2017-03-14 16:09:34 +0000: Fetching vSAN disk info from esxi-dell-m.rainpole.com (may take a moment) ...
2017-03-14 16:09:34 +0000: Fetching vSAN disk info from esxi-dell-n.rainpole.com (may take a moment) ...
2017-03-14 16:09:34 +0000: Fetching vSAN disk info from esxi-dell-o.rainpole.com (may take a moment) ...
2017-03-14 16:09:34 +0000: Fetching vSAN disk info from esxi-dell-p.rainpole.com (may take a moment) ...
2017-03-14 16:09:39 +0000: Done fetching vSAN disk infos
+--------------------------+--------------------+-----------------------------------------------------------------+
| Host                     | RDT                | Disks                                                           |
+--------------------------+--------------------+-----------------------------------------------------------------+
| esxi-dell-m.rainpole.com | Assocs: 1309/45000 | Components: 485/9000                                            |
|                          | Sockets: 89/10000  | naa.500a075113019b33: 0% Components: 0/0                        |
|                          | Clients: 136       | naa.500a075113019b37: 40% Components: 81/47661                  |
|                          | Owners: 138        | t10.ATA_____Micron_P420m2DMTFDGAR1T4MAX_____ 0% Components: 0/0 |
|                          |                    | naa.500a075113019b41: 37% Components: 80/47661                  |
|                          |                    | naa.500a07511301a1eb: 38% Components: 81/47661                  |
|                          |                    | naa.500a075113019b39: 39% Components: 79/47661                  |
|                          |                    | naa.500a07511301a1ec: 41% Components: 79/47661                  |
<<truncated>>

From a network perspective, it is the RDT associations (Assocs) and sockets count that are important. There are 45,000 associations per host in vSAN 6.0 and later. An RDT association is used to track peer-to-peer network state within vSAN. vSAN is sized so that it never runs out of RDT associations. vSAN also limits how many TCP sockets it is allowed to use, and vSAN is sized so that it never runs out of its allocation of TCP sockets. There is a limit of 10,000 sockets per host.

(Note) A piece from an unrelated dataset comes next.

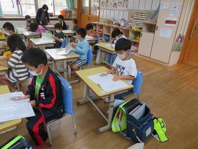 今日は、学習や生活の記録、通知表を渡す日です。今回は4月から9月までの学習や生活の記録です。通知表渡しが5時間目に行われた1年生から3年生の様子です。先生方が一人一人に頑張ったことを伝えながら渡されていました。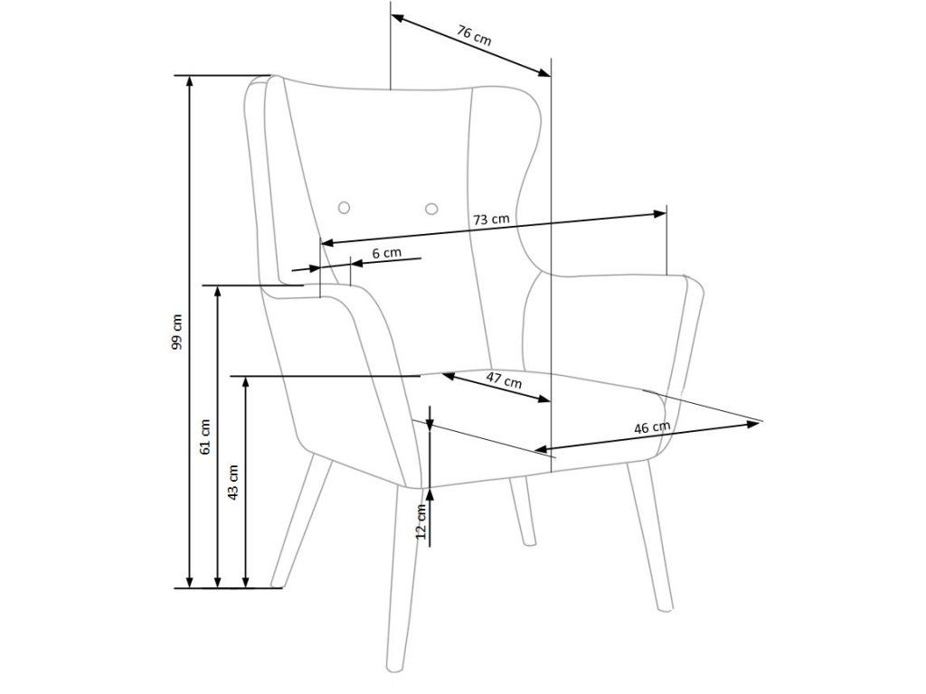 Rozměry křesla jsou 73 cm na šířku, 76 cm do hloubky a 99 cm na výšku, s výškou sedu 43 cm, což jej činí praktickým a zároveň dostatečně prostorným pro pohodlné sezení.

A vSAN client represents object's access in the vSAN cluster. The client typically represents a virtual machine running on a host. The client and the object might not be on the same host. There is no hard defined limit, but this metric is shown to help understand how clients balance across hosts.

There is only one vSAN owner for a given vSAN object, typically co-located with the vSAN client accessing this object. vSAN owners coordinate all access to the vSAN object and implement functionality, such as mirroring and striping. There is no hard defined limit, but this metric is once again shown to help understand how owners balance across hosts.